Et si les plus grands livres étaient ceux qui mettent en scène une oie blanche qui découvre la corruption du monde, alors Sciences morales serait un très très grand livre. Roman argentin, Sciences morales a dû être publié parce que Buenos Aires était l'invité du Salon du livre, ce qui donne une justification à ce grand barnum vain et ennuyeux qui se tient chaque année Porte de Versailles. Merci le salon, merci le Seuil et merci aux libraires de la librairie de l'atelier qui avaient invité l'auteur ce qui m' a permis d'acheter ce livre.
Soit l'histoire de Maria Teresa, une jeune femme, surveillante dans un prestigieux lycée argentin alors que dehors la guerre des Malouines commence, une guerre que son drôle de frère est parti faire. Voilà maria Teresa seule avec sa mère dépressive et ses élèves de la troisième section dix. Zélée, la surveillante découvre bientôt qu'un des garçons sent le tabac et décide de mener l'enquête.. dans un endroit singulier : les toilettes des garçons du lycée.
Le style de Kohan est très clinique, au plus proche des faits et du monde matériel, avec très peu d'indication des sentiments (un trouble ici ou là), il raconte les heures passées par cette jeune femme enfermée dans un wc à la turque. Drôle de sujet, et pourtant ça tient, ça marche, le malaise est palpable, d'autant que le lecteur est dans une position symétrique, observant ce personnage enfermé dans un cabinet.
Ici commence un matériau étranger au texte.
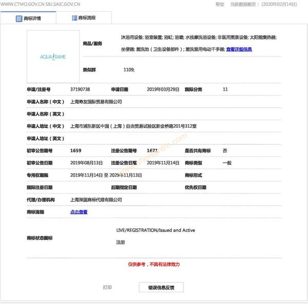 商標注冊證核定使用商品:沐浴用設備; 浴室裝置; 浴缸; 浴霸; 水按摩洗浴設備; 非醫(yī)用熏蒸設備; 太陽能集熱器; 坐便器; 盥洗池(衛(wèi)生設備部件); 盥洗室用電動干手器。

C'est aussi d'érotisme qu'il est question, car la surveillante connaît un certain trouble à imaginer ce que font les garçons avec « cette chose qu'ils ont » comme elle dit, notamment un des élèves qui porte le même parfum que son frère. La dictature qui mène les jeunes garçons à la guerre est la même qui empêche la narratrice de nommer le sexe des hommes et qui la conduit vers une tragédie intime. En effet, le surveillant général réputé avoir participé à une opération de répression dans le passé s'intéresse de près à cette jeune fille, que personne d'autre ne remarque. Ensemble, ils se retrouvent dans un café, loin de la place. Un temps, Maria Teresa imagine qu'il pourrait être l'homme de sa vie. Mais le romantisme s'invite rarement dans les toilettes. Pourtant, le roman s'achève sur une touche plutôt optimiste, lié à la défaite argentine aux malouines et à la chute du régime politique.
Pour ne dire qu'une chose du talent de Kohan, j'évoquerai le frère de Maria Teresa. Il doit avoir à peine vingt ans et très peu de choses sont dites de lui. Il envoie régulièrement des cartes postales qu'il signe de son seul prénom et pourtant il est terriblement présent. Plutôt réussi.
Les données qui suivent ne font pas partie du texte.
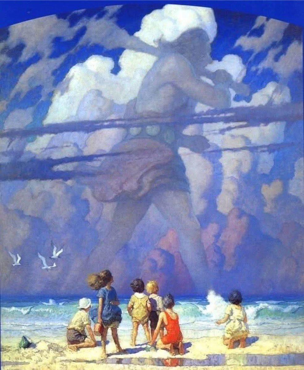 N.C. Wyeth’in The Giant adlı eseri, yalnızca bir devin resmini yapmaz; hayal kurma eyleminin kendisini görselleştirir. Çocukların gözleri, devin varlığını değil; kendi içlerindeki hayal gücünü seyreder. Bu, kolektif bir düş anıdır: gerçek dışı olanın gerçekmiş gibi kabul edildiği, zamanın askıya alındığı bir sahne.

Enfin, il faut féliciter le travail des éditions du seuil : rarement j'ai vu une couverture aussi bien résumer le contenu d'un livre.
Dernier point : peu de psychologie dans ce livre et ça fait du bien mais du bien.

éditions du Seuil 19,50

Chronic City Jonathan Lethem



Difficile de parler de ce que les critiques qui ont du style appellent un Ovni littéraire, c'est-à-dire un livre singulier ne ressemblant à rien de lu jusque-là (qui a bien un petit défaut, il est peut- être un peu trop long, et pourtant je ne vois pas ce qu'il faudrait lui ôter). De même auteur, j'avais lu les orphelins de Brooklyn, un roman qui ne m'avait pas laissé une très grande impression. Pour tout dire, je serai bien incapable de dire même de quoi il y était question.
Preuve qu'il faut parfois insister, cette chronic city m'a emballé illico. Je ne sais plus quel auteur surréaliste définissait son art comme la rencontre d'un parapluie et d'une machine à coudre (j'avais appris ça au lycée... mais le temps passe). Chronic City est l'histoire d'une rencontre aussi peu réaliste entre Chase Insteadman (jeux de mots en américain) et Perkus Tooth. Le premier est un homme encore jeune qui a été, adolescent, le héros d'une série télévisée grand public, tant et si bien qu'il n'a plus trop besoin d'être aujourd'hui, il vit sur sa célébrité passée, ravivée par un drame public : sa fiancée astronaute est perdue dans une station orbitale à la dérive et est atteinte d'un cancer du pied qui provoquera bientôt une amputation dudit membre.
De son côté, Perkus Tooth est un ancien agitateur du Manhattan d'hier, mi critique, mi performeur, le genre qui publie ses « éditoriaux » en les affichant sur les murs de la ville. Intransigeant, il s'est retiré de la vie médiatique, passant sa vie à visionner de vieilles vidéos, obsédé par Brando, persuadé au fond que tous autour de lui ne sont que des Gnuppet, ces marionnettes, dans lesquelles le manipulateur met la main. Nous serions tous manipulés, non par un Dieu – il est mort – mais par le monde moderne. Nous serions tous manipulés sauf Brando et quelques autres.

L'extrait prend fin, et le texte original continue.